4 minute read

And just as the problem of turning was fixed, I stumble my self into another problem, but nothing to be afraid of (yet). The simple task of moving from the 0.9.2 version of Carla to the 0.9.13, has proven to be quite a handful of problems given the fact that I am still not able to emulate the same behaviour as the old Carla version and its impressive ability to turn left and right, but to understand and keep trying to find a solution, let us first start from the beginning.

For this week we had to focus on a variety of tasks:

  • Setting everything up for the new version of the Carla Simulator, such us, packages compatibility for us to keep using the same code used for the 0.9.2 version.
  • To enrich our neural network adding the velocity on the training and prediction. Right now we are only using the steering values to learn the behaviour of the car.
  • Learn and if possible, implement the Learning by Cheating paper onto our arquitecture. This should gives us a more robust training method but it requires a slightly different approach as the one taken up to now.

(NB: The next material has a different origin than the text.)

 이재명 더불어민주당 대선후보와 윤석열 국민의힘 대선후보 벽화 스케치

To deal with the first two tasks, we needed to collect a bunch of data from the new Carla version. This has to be done because one of the main differences with the new version and the old, as we mentioned on a previous post, resides on the refinement of the car physics. This alone is a feature that aimed to bring closer the simulation to the real world, so it basically changes completely how the car behaves on the simulator and therefore what it learns from it. So we needed to start the process of teaching a neural network from the beginning.

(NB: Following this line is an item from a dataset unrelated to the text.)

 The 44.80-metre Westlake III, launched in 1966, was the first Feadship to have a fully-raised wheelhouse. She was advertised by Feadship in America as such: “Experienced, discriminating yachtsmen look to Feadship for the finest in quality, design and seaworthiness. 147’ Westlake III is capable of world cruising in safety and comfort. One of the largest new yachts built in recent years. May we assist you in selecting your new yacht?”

In order to gather our thoughts better, first we need to talk a little about the dataset and the different towns available to us from the 0.9.13 version of the Carla Simulator. The idea we came up with was to collect 30 minutes of autopilot data from the 2, 3 and 4 Town, leaving the Towns 1 and 5 for testing purposes.

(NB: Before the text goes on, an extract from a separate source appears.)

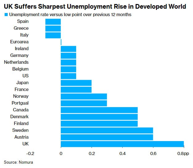So now since hitting a near half-century low of 3.5% last year, unemployment in the UK has risen by 0.8 percentage points to 4.3%, pushing past the 0.5 point red line stipulated by the rule.

Bird's-eye view of Town02, Town03 and Town04 respectively.
Bird's-eye view of Town01 (left) and Town05 (right).

The recollection gave us a total of 93.655 images for training and validation. The problem with using so much data, compared to the 32.674 on the previous version, is that the data balancing process as well as the training steps consume much more resources from our machine to the poin that it automatically kills the process for the lack of computation capability. But for the sake of coming with a solution, we go ahead and balance our data as shown in the next figure.

Historigram of the whole dataset without preprocessing (left) and preprocessed and balanced data (right).

Once we have our data balanced we proceed like we did on previous cases, with training the model for the purpose of making the car follow the lane. To train the model, we go ahead and make it learn throught as many epochs as possible, so that we might be able to analyze if it is training correctly or not. One of the main changes done to the parameters, is the learning rate of the training process. We wanted to see how the model adjust its weights along this two different values.

Training epoch loss between small learning rate of 0.0001 (left) and big learning rate 0.01 (right)

As we can see from the previous graph, the model is barely learning anything, while the training error (orange) is getting lower, the validation error (blue) is much higher. We might be overfitting our data, maybe because of the possibly wrongly balanced data. On the other hand, by increasing the learning rate, we observe a stabilized but similar error on the train and validation data. We could thing good of this training but then again, if we check the scatter plot of the predicted steering values compared to the groundtruth we found the next thing.

Scatter plot from the 50th epoch, learning rate of 0.0001 (left) and 0.01 (right)

While the 0.0001 learning rate gives random prediction as we can see from its distribution (we cannot distinguish any pattern), the 0.01 shows us barely no correlation between the groundtruth and the prediction, proving that it didn’t learn the proper behaviour for steering values.

The fundamental problem with the actual setup of my machine, is that as we talked before, it kills the process before we can see if it is possible for the error to get any lower of it is going to stay the same forever. To try to fix this problem we may have been dragged a few steps back but we will always try to understand and make sense of the issues, finding a suitable solution. For example, one possible way around this, could be to lower the batch size for it to be more computationally friendly, or reduce even more the quantity of data used for training.

Bird-eye view training

As the third task, one of my master thesis advisor Sergio, showed me a pretty interesting and renowned paper called Learning by Cheating. And the premise of this was to make a much easier learning process by using a simple world representation such us the bird-eye view like the one we see in the next video.

It is also demostrated by the authors of the paper that this method makes a robust vision-based autonomous driving system, which we thought was worth a try, at least as a “second” priority task for the week. And as such, all the progress I made around this matter consists on reading and understanding the paper, and installing a pretty neat package called carla_birdeye_view made to take a 2D world representation (bird-eye view) from the Carla Simulator. With this package, I was able to easily collect a bird-eye data with the autopilot from Carla.